More and more data in healthcare has been transferred to a digital format over the past decade. Furthermore, latest advances in hardware enabled the use of Artificial Intelligence (AI) algorithms for more and more use cases, also in digital health. On the one hand, the use of real-world healthcare data is expected to have great potentials for building highly accurate AI-based decision support tools, such as Clinical Prediction Models (CPMs). On the other hand, healthcare data has to be considered as very sensitive data, which requires additional protection measures. For example, the European General Data Protection Regulation (GDPR) and the Canadian Personal Information Protection and Electronic Documents Act (PIPEDA) highlight Personal Health Information (PHI) in their regulation as dedicated type of data.

Thanks to the contributing experts from our partners for their input for this article: Dr. Oliver Günther (UBC), Konstantin Pandl (KIT), Aadil Rasheed (HPI), and Dr. Matthieu-P. Schapranow (HPI). Photo by Marvin Meyer.

Federated Learning: A privacy-preserving way for use of AI in healthcare

Real-world data builds the foundation for defining CPMs, e.g., to predict the risk for graft failure after transplantation. The quality of such CPMs depends on the variability of incorporated real-world data to identify connection between features and clinical outcomes. For example, the data from one transplant center might differ from another center due to patient population, gender distribution, presence of patient comorbidities, etc.

The NephroCAGE consortium builds on latest research results on Federated Learning Infrastructures (FLIs) to bridge this gap. FLIs enable the transfer of AI algorithms to data, which resides locally in their protected sites. Such a decentralized FLI system opens the door for using AI on privacy-focused use cases, such as kidney transplantation in the NephroCAGE consortium.

How to design clinical predictive models for kidney disease

CPM process model

Fig. 1: Selected process steps involved in defining a CPM modeled using BPMN.

Designing CPMs requires Clinicians and Modeler to work collaboratively together. Figure 1 depicts a BPMN model showing various steps in modeling a CPM with all the actors involved in the process along with generated artifacts. First, a research clinician prepares requirements and selects relevant datasets from the derivation cohort. Later, a clinical modeler uses the selected dataset for training CPMs. After completing the training, the modeler validates the CPMs on a special dataset, the validation cohort. Finally, the research clinician assess the quality and results of the CPMs with regards to their clinical applicability.

How to incorporate patient data for clinical predictive models?

The use of real-word clinical data is crucial for the prediction quality of the CPMs. There are multiple ways to incorporate real-world clinical data in privacy-compliant ways. In the following, selected alternatives are outlined.

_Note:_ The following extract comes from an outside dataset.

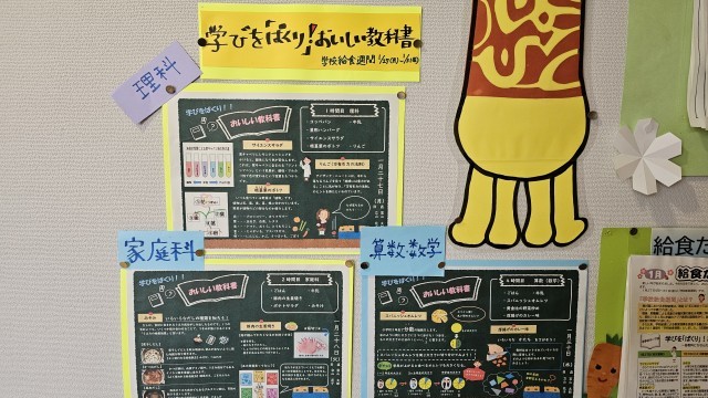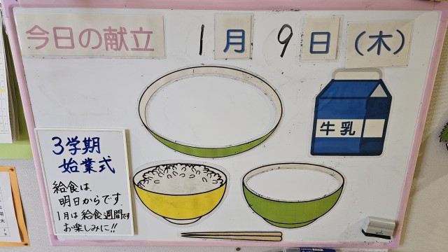 明日から給食が開始されます。当番の人はエプロン等を用意しましょう。1/25から31までは学校給食週間で、「学びをぱくりおいしい教科書」という、各教科にまつわる給食がでる企画もあるのでお楽しみに!

  1. Acquiring informed consent from prospective patients. Typically, consent management is covered as an integral aspect of the clinical treatment contract. Therefore, patients will receive a lay-understandable explanation of how and for what purpose their data will be used. Every patient can decide individually to share their data for the purpose of developing CPMs.
  2. A very innovative approach to obtain patient consent even after leaving the hospital is the use of data donation. Citizens will be offered digital tools to manage their personal consent to share personal healthcare data for specific purposes, e.g., donate de-identified data of my kidney transplant for developing a CPM. Such digital tools offer a digital communication channel to highly motivated patients interested to improve healthcare.
  3. Data de-identification for retrospective data. This option is helpful if there is no easy-to-adopt option to obtain an explicit patient consent, e.g., because the data was acquired in the past and a reach out to the patient failed. One option is to remove personal patient identifiers from the data, e.g., name, birthday, address. Although this is a complex task due to the variety of data types and identifiers, there is limited tool support available for that purpose, e.g. tools of the MOSAIC project  help to evaluate the risk of reidentification in the de-identified dataset.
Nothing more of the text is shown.